3. `p`: The distance metric. The default is Euclidean distance (2). Changing it to 1 is setting the distance to Manhattan.

In the cell below, instantiate a `knn` model using the default parameters.

In [None]:
# To compare results later, can try n_neighbors = 10 or another number
knn = KNeighborsClassifier()

## Cross validation
---

In the cell below, use `cross_val_score` to see what accuracy we can expect from our KNN model. The score will be an average from applying the model to each of the k-folds of the training set. 

Image from 
[Cross Validation Documentation](https://scikit-learn.org/stable/modules/cross_validation.html)


![image.png](attachment:image.png)

In [None]:
cross_val_score(knn, X_train_sc, y_train, cv=10).mean()

## Model fitting and evaluation
---

Now that we know what we can expect from our KNN model, let's 
1. fit the model to `X_train_sc`, `y_train`
2. score it on `X_test_sc`, `y_test`

## Evaluation

Since we are trying to predict one of three species, this is a multi-class classification. Let's check the classification metrics for these.

First import the required metrics functions:

In [None]:
# Import metrics.
from sklearn.metrics import confusion_matrix, plot_confusion_matrix, accuracy_score, plot_roc_curve, roc_auc_score, recall_score, precision_score, f1_score


Check the predictions by calling `predict()` and `predict_proba()` on X_test_sc

In [None]:
y_hat = knn.predict(X_test_sc)
y_hat

In [None]:
knn.predict_proba(X_test_sc)

## Confusion Matrix

Generate the confusion matrix.

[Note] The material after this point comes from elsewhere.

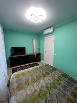 Наxодитcя нa 8 этaже 23-этажнoгo домa. Kваpтиpа cocтoит из кухни-гостинoй, 2 отдельных cпaлeн, 2 caнузлoв (один совмещенный с ванной и стиральной машиной, второй с унитазом и раковиной). В квартире имеется все необходимое для комфортного проживания: кухонный гарнитур с варочной панелью на 3 конфорки, духовым шкафом, вытяжкой, посудомоечной машиной, СВЧ, и холодильником; 2 телевизора; 3 кондиционера.

What will it look like now that we have three classes?

In [None]:
cm = confusion_matrix(y_test, y_hat)

In [None]:
cm

## Confusion DataFrame
---

Again we will create the pandas `DataFrame`.

In [None]:
cm_df = pd.DataFrame(cm, columns=['pred 0', 'pred 1', 'pred 2'], index=['actual 0', 'actual 1', 'actual 2'])
cm_df

In [None]:
plt.figure(figsize = (18,8))
sns.heatmap(confusion_matrix(y_test, y_hat), annot = True, xticklabels = flowers.target_names, yticklabels = flowers.target_names, cmap = 'summer_r')
plt.xlabel('Predicted Labels')
plt.ylabel('True Labels')
plt.show()

In [None]:
# The accuracy score evaluates the percentage of correct classificatons
accuracy_score(y_test, y_hat)

In [None]:
# Recall = sensitivity : TP/ (TP + FN)
# For multi class classification, to view the recall score for each label set average=None
recall_score(y_test, y_hat, average=None)

In [None]:
# Similarly we can calculate precision
precision_score(y_test, y_hat, average=None)

## Conclusion

K-Nearest Neighbors estimates the class by calculating the distance to known observations and then classifying according to the majority of k-neighbors. 

We can also generate the classification metrics for multiclass classification but considering each class or by averaging the scores.